* **Exercise instructions**:
Nothing but the lines from the first line of the entries through the line with "공개된 사진 속에는 집을" should appear in the answer, transcribed exactly and free of pictures.

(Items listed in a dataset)
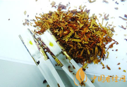 真品滤棒中添加了“香润珠”,油润性好切丝均匀,颜色呈现金黄色;假烟滤棒未添加“香润珠”,烟丝干直切丝粗细不一,颜色呈现出浅褐色,与真品存在显著差异。
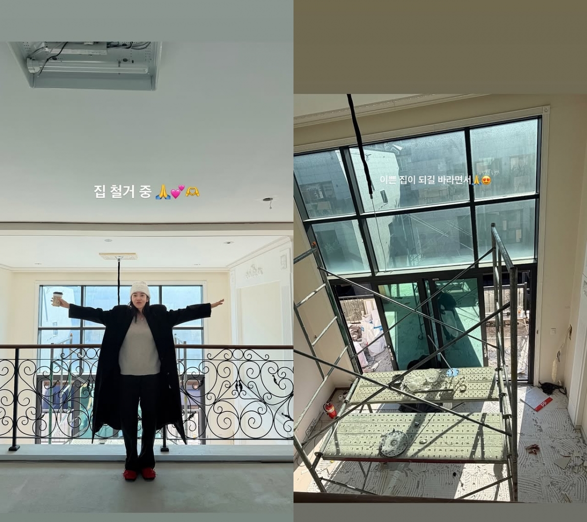 공개된 사진 속에는 집을 철거 중인 공간에 방문해 이사할 집에 대한 기대감을 표현하고 있는 손담비의 모습이 담겼다. 그는 "예쁜 집이 되길 바라면서"라고 전했다.
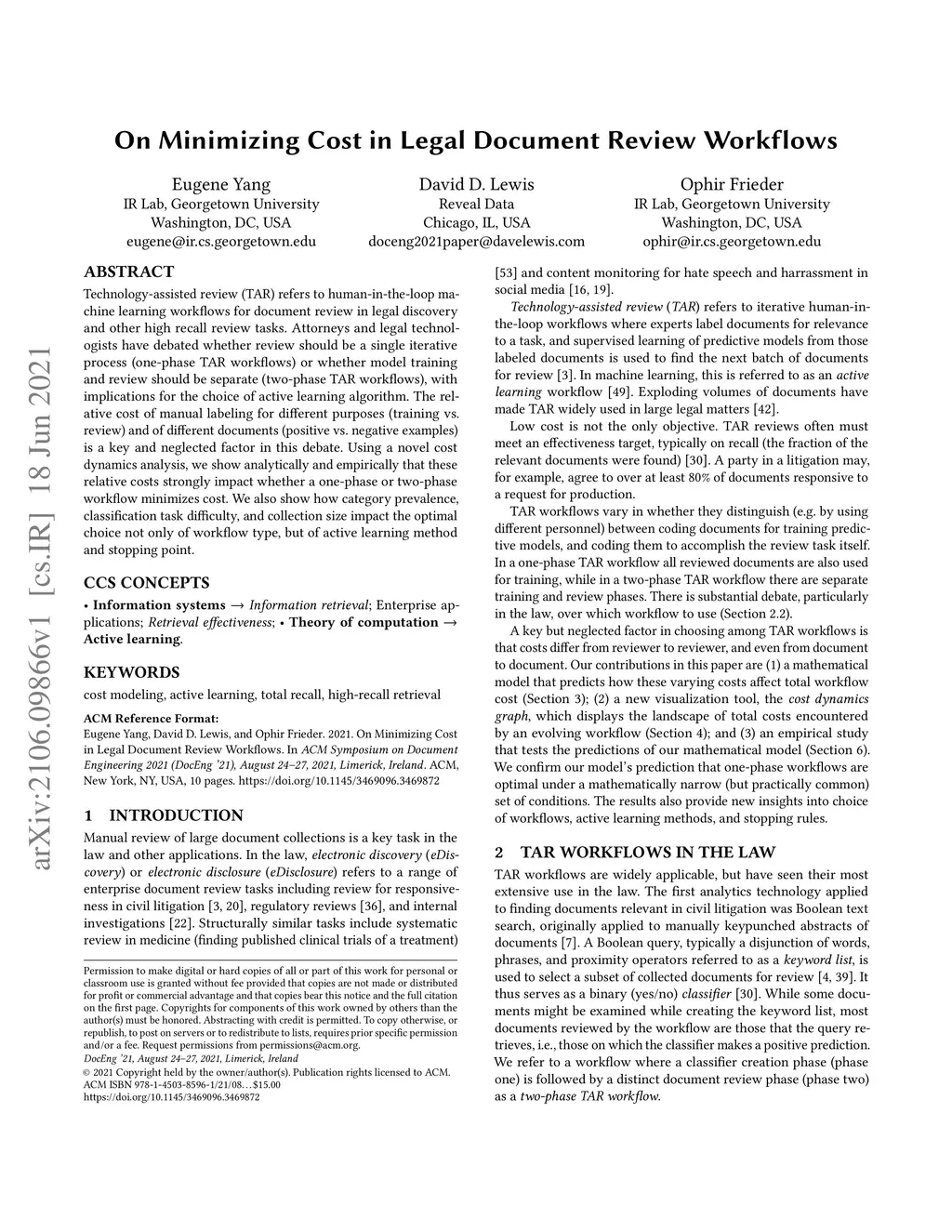 Technology-assisted review (TAR) refers to human-in-the-loop machine learning workflows for document review in legal discovery and other high recall review tasks. Attorneys and legal technologists have debated whether review should be a single iterative process (one-phase TAR workflows) or whether model training and review should be separate (two-phase TAR workflows), with implications for the choice of active learning algorithm. The relative cost of manual labeling for different purposes (training vs. review) and of different documents (positive vs. negative examples) is a key and neglected factor in this debate. Using a novel cost dynamics analysis, we show analytically and empirically that these relative costs strongly impact whether a one-phase or two-phase workflow minimizes cost. We also show how category prevalence, classification task difficulty, and collection size impact the optimal choice not only of workflow type, but of active learning method and stopping point.
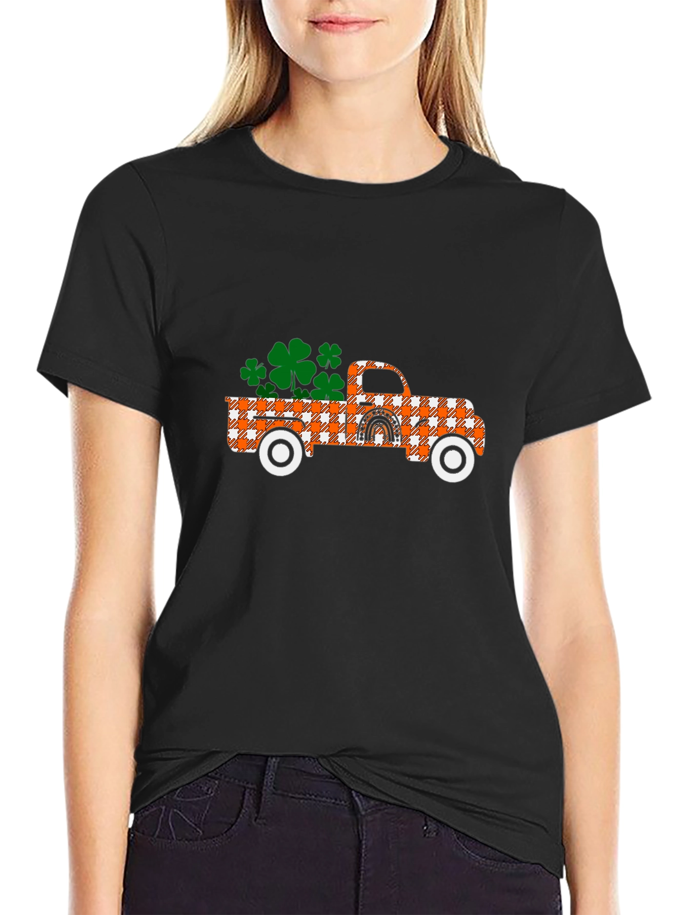 Show off your festive side with this St. Patrick's Day themed t-shirt! This black tee features a charming graphic of a vintage truck filled with vibrant green shamrocks. The truck itself is designed with a trendy checkered pattern, adding a touch of rustic flair. A small rainbow design adds to the charm. Made from a soft, breathable fabric, this shirt is perfect for all-day comfort while celebrating St. Patrick's Day, or any day you want to spread a little luck and cheer. Pair it with your favorite jeans or leggings for a casual, festive look!
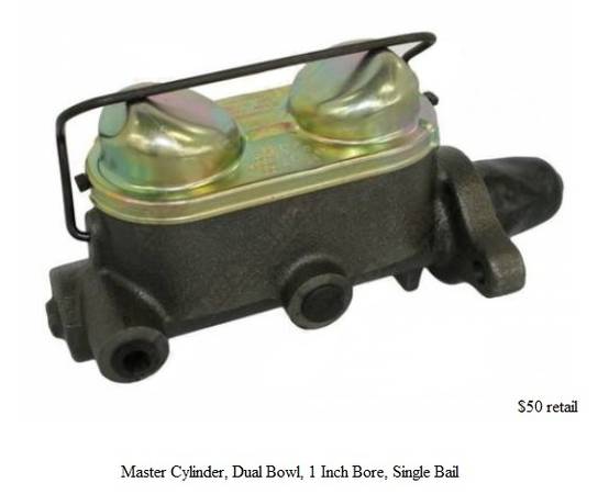 master cylinder, came off of a 10K mile resto -- $20. new stainless steel brake lines, engine compartment only -- $30.

* **Output**:
 真品滤棒中添加了“香润珠”,油润性好切丝均匀,颜色呈现金黄色;假烟滤棒未添加“香润珠”,烟丝干直切丝粗细不一,颜色呈现出浅褐色,与真品存在显著差异。
 공개된 사진 속에는 집을 철거 중인 공간에 방문해 이사할 집에 대한 기대감을 표현하고 있는 손담비의 모습이 담겼다. 그는 "예쁜 집이 되길 바라면서"라고 전했다.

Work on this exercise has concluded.